What happens at Ballibay during the off-season? Well, for one thing, we make movies!

We’re delighted to announce that the new feature film Person Woman Man Camera TV is available to watch now through April 17 at the CINEQUEST Film and Creativity Festival online.

Strange, funny, and a little sad, it’s a quick romp at just 77 minutes - we hope you can watch it. Although produced by a summer camp,  it is personal artistic work and is not necessarily a film for kids - it has adult themes and strong language. Please watch the trailer before deciding to view as a family.

This is the second feature executive produced by the camp, shot and directed by Ballibay’s head of media: award-winning filmmaker Niav Conty. Ballibay director John Jannone produced the film and composed the score.

Person Woman Man Camera TV is a tragicomedy about romance, race, and remembering shot at camp in quarantine in the Fall of 2020. The wonderful Jay Ward and amazing Estelle Bajou enact the first and last days of a couple’s 7-year relationship: meeting during Ebola and Obama, breaking up during Covid and Trump.

Camp dad Mish Hassidim did the color grade, and camp mom Emily Zeitlyn is featured in the soundtrack on several songs with her band Arc Divers. The great bands Operators, Handsome Furs, and Divine Fits are also featured in the soundtrack alongside John’s original score.

Our previous film, Small Time, is available on Amazon PrimeApple TV, and Google Play. Winner of numerous awards internationally, including five awards for Best Feature, Small Time is a dark tale of rural poverty and addiction as seen through the eyes of a young girl  played by Audrey Grace Marshall (The Flight Attendant, The Fairly OddParents).

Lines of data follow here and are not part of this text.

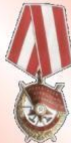
Орден Боевого Красного знамени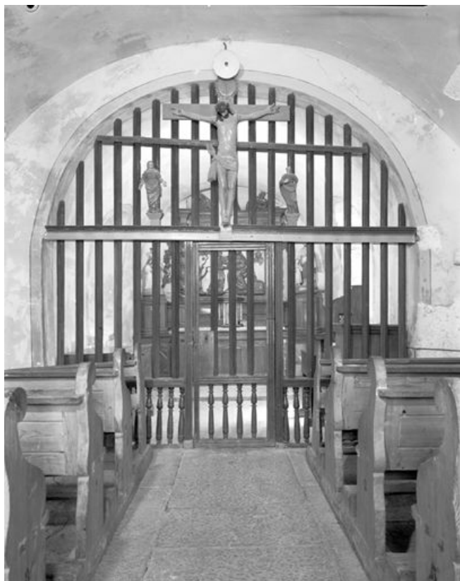
Vue générale. 25, Le Crouzet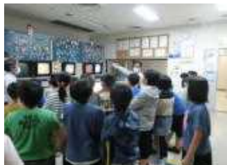
集中管理室で、焼炉の様子を確認している様子を見学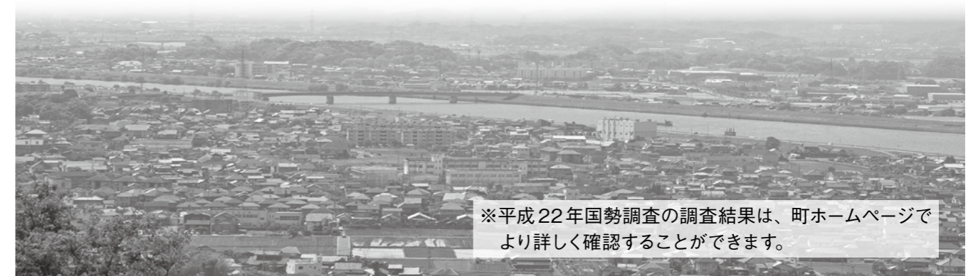
※平成22年国勢調査の調査結果は、町ホームページでより詳しく確認することができます。

いることやJRの駅が2つあることなど交通の利便性の良さを考えて、集合住宅を整備している影響が大きいと考えられます。平成17年調査と比べると、持ち家の数は各町で少しずつ増加しています。水巻町は民営借家も増加数、増加率ともに他町と比べて群を抜いていることも分かります。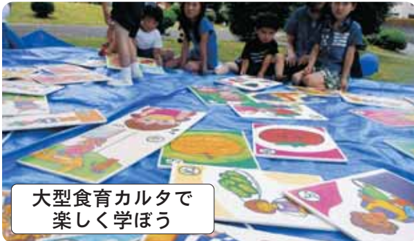
大型食育カルタで 楽しく学ぼう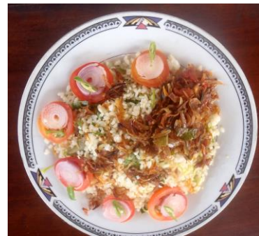
Een tros plantens – veel gegeten banane soort en een heerlijke Srilankaanse maaltijd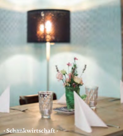
· Schankwirtschaft ·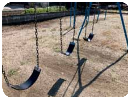
三日月町 初田区 ブランコ補修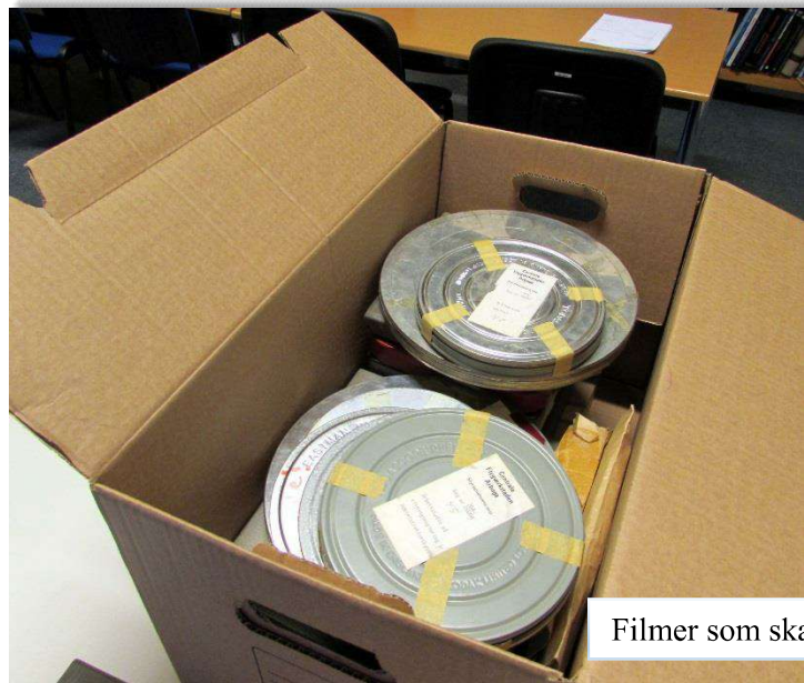
Filmer som ska överföras till DVD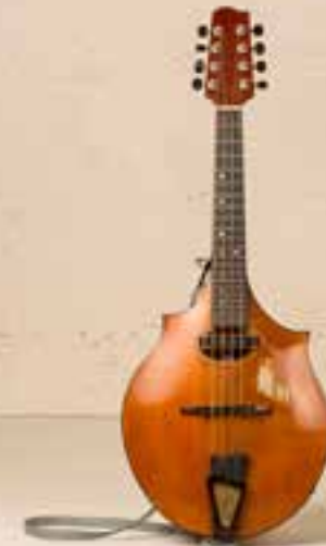
— Manzanita Mandola (2012) —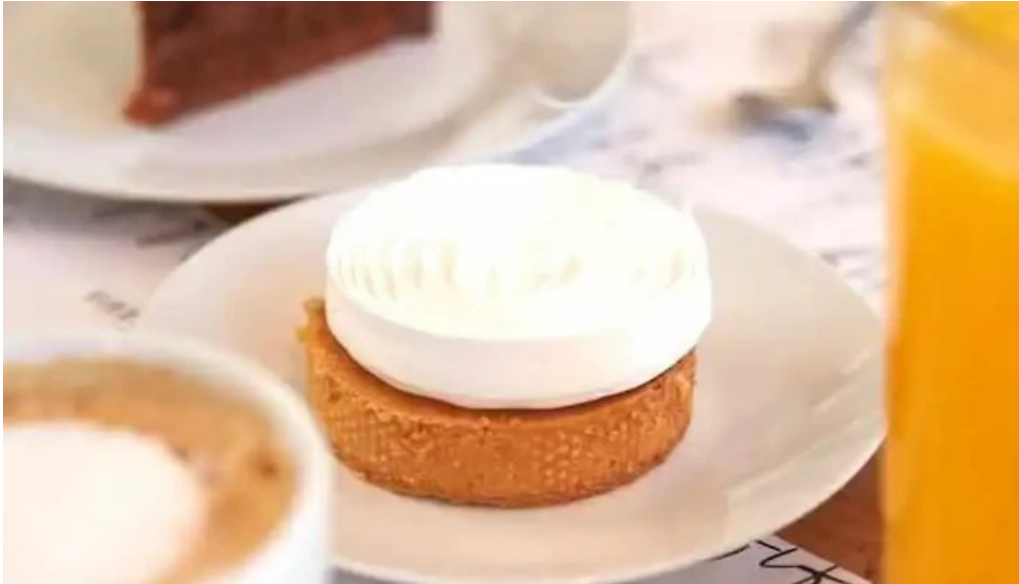
Fifty fifty comida y bebida

Small Time is also not necessarily a film for kids - it deals with harsh realities of growing up in the shadow of the opioid crisis. Please watch the trailer before deciding to view as a family.

Small Time was written, shot, and directed by Ballibay’s head of media Niav Conty, produced and with an an original score by camp director John Jannone. Executive producers were Camp Ballibay and Academy Award nominee Oren Moverman. David Edelstein, long time film critic for New York magazine and CBS Sunday Morning, says of Small Time, "every frame carries wonder and dread… [a film] worthy of our finest humanist directors."